> **Given data**
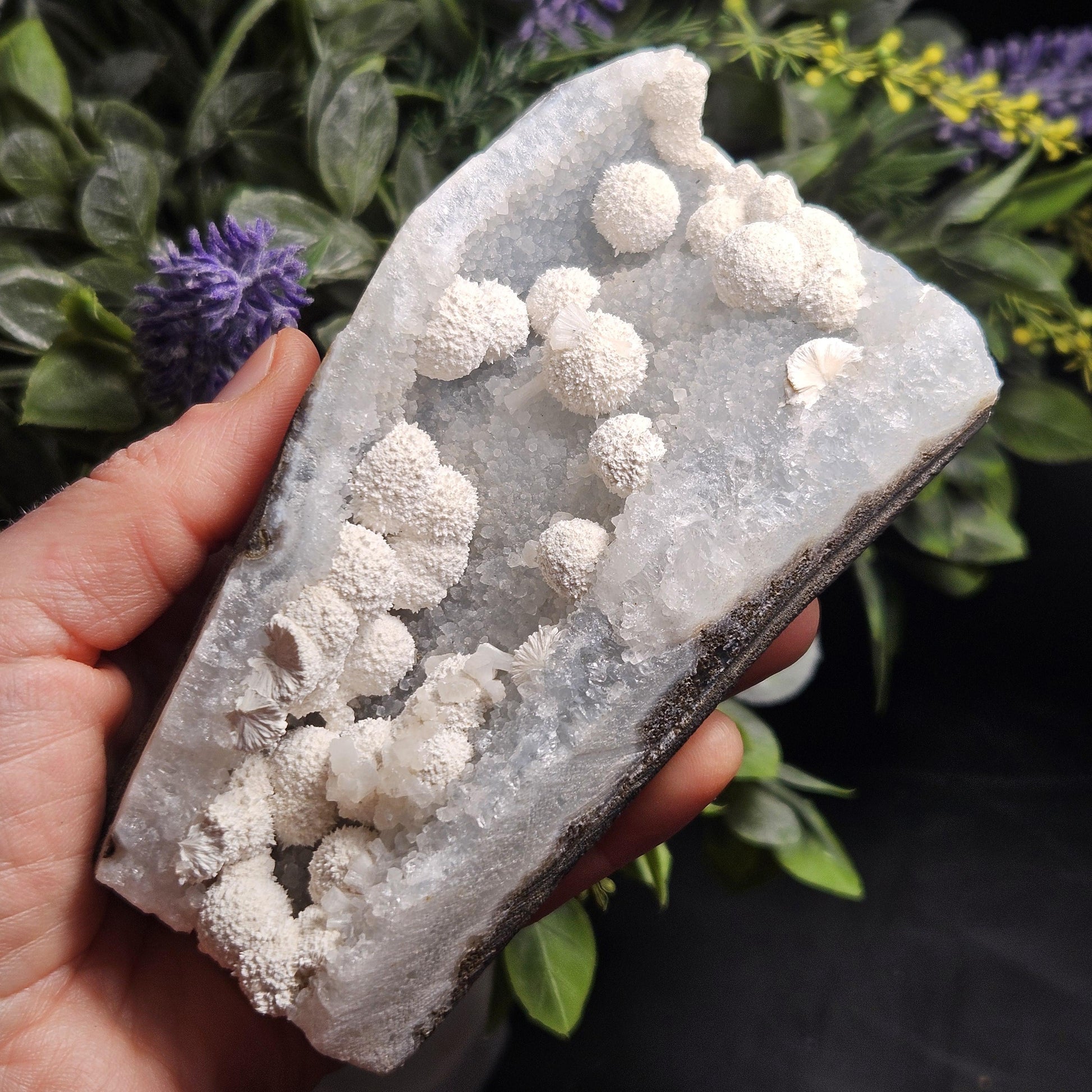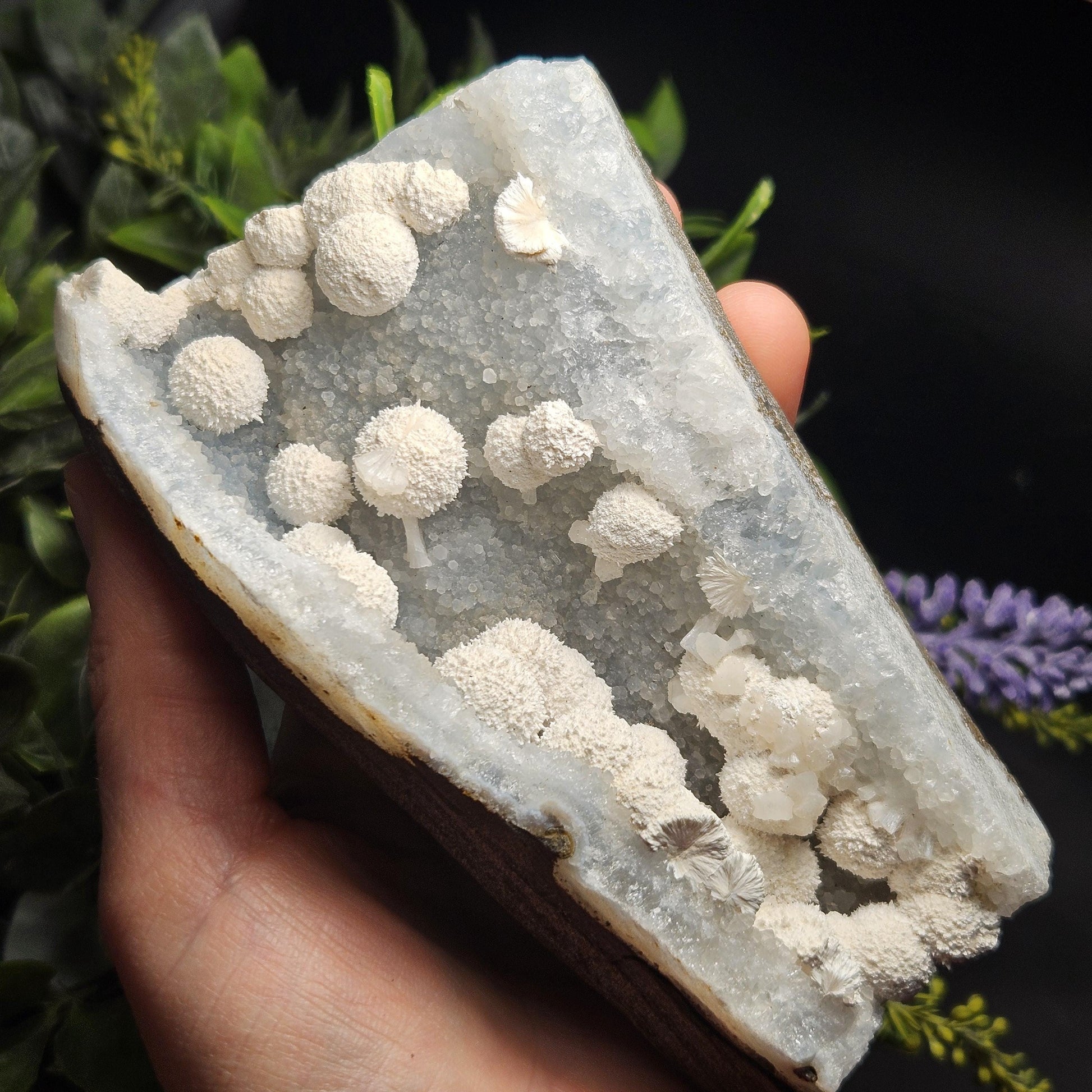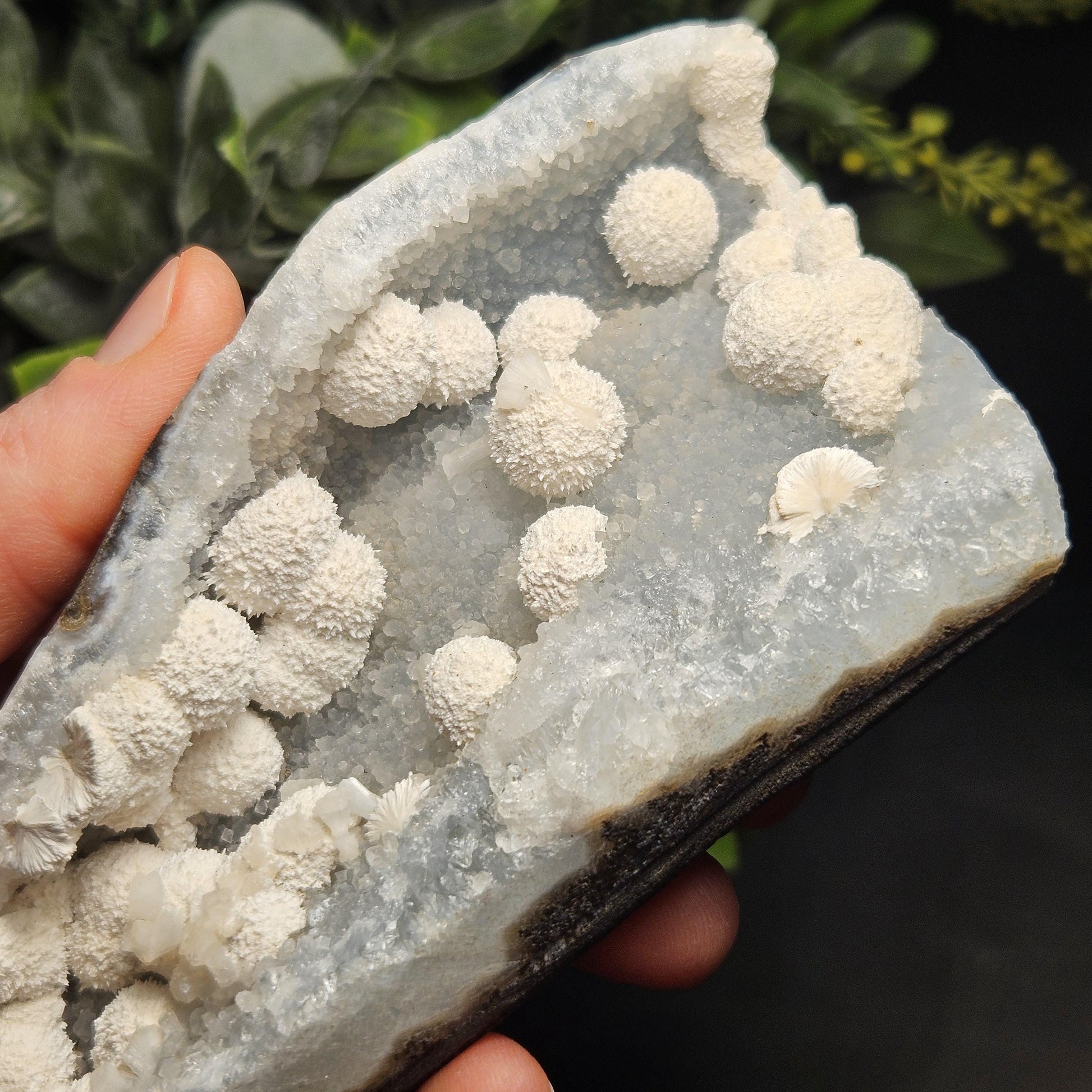 Mordenite is a rare and beautiful Zeolite mineral formed in volcanic rock, known for its delicate, fibrous crystal structures and soft white to pinkish hues. Geologically, it’s valued for its impressive ability to absorb water and toxins, making it fascinating to both scientists and collectors. This rare offering features distinctly spherical Mordenite crystals perched on sparkling blue Chalcedony and matte grey Basalt. The snowball-like growths have a creamy white coloring that contrasts beautifully with their bright blue background. With an array of Mordenite spheres and a translucent mineral inclusion, this unique crystal is a perfect display piece. This specimen measures approximately 123mm by 60mm by 38mm and weighs 464 grams.
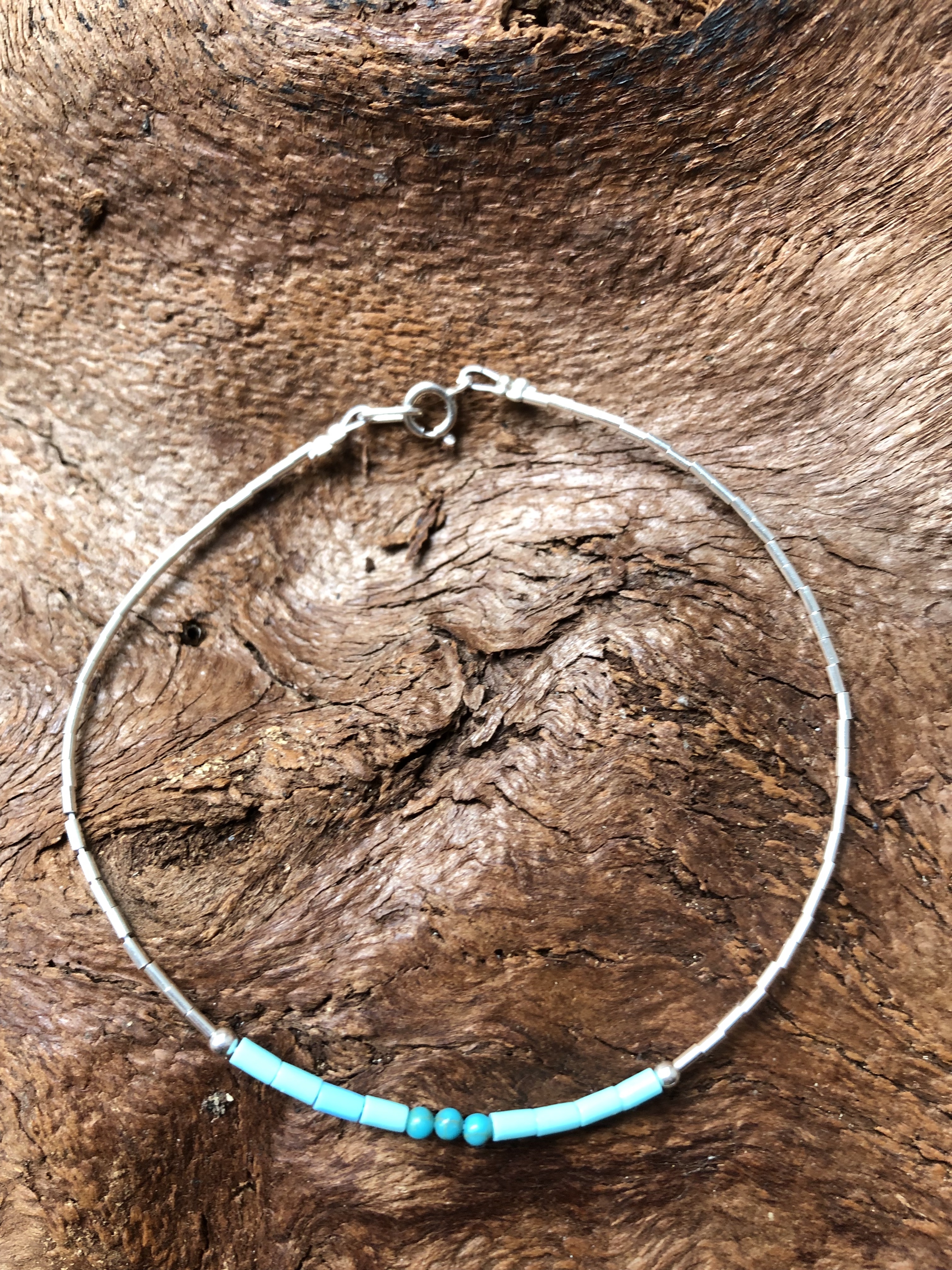 handgearbeitetes Indianerschmuck Armband in 925 er Silber mit Türkis.
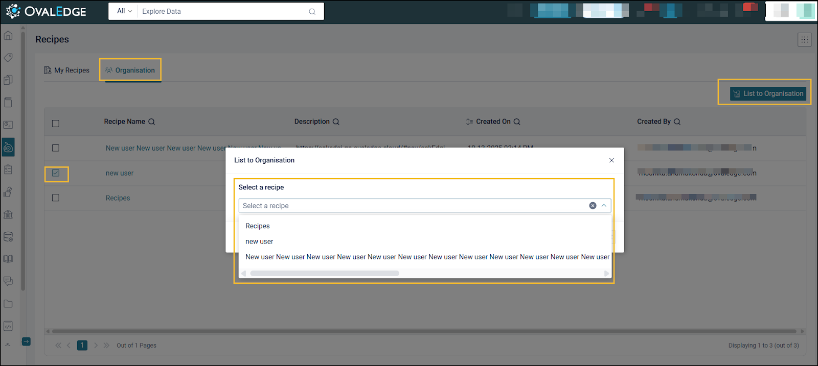 Listing a Recipe to Organisation
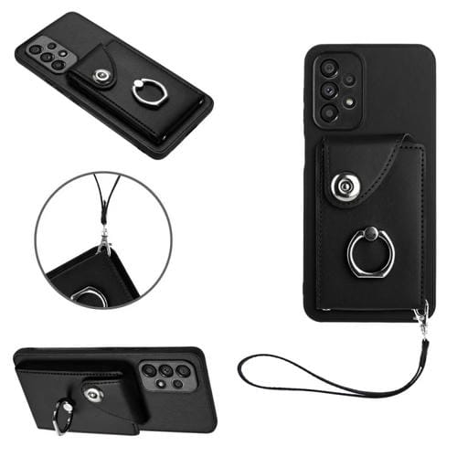 Funda para teléfono Samsung Galaxy A52 4G 5G de PU con soporte anillo y bolsa para tarjeta con cordón (Negro)

> **Aim of the exercise**
All the data above is to be transcribed exactly, with no pictures included.

> **Response to the exercise**
 Mordenite is a rare and beautiful Zeolite mineral formed in volcanic rock, known for its delicate, fibrous crystal structures and soft white to pinkish hues. Geologically, it’s valued for its impressive ability to absorb water and toxins, making it fascinating to both scientists and collectors. This rare offering features distinctly spherical Mordenite crystals perched on sparkling blue Chalcedony and matte grey Basalt. The snowball-like growths have a creamy white coloring that contrasts beautifully with their bright blue background. With an array of Mordenite spheres and a translucent mineral inclusion, this unique crystal is a perfect display piece. This specimen measures approximately 123mm by 60mm by 38mm and weighs 464 grams.
 handgearbeitetes Indianerschmuck Armband in 925 er Silber mit Türkis.
 Listing a Recipe to Organisation
 Funda para teléfono Samsung Galaxy A52 4G 5G de PU con soporte anillo y bolsa para tarjeta con cordón (Negro)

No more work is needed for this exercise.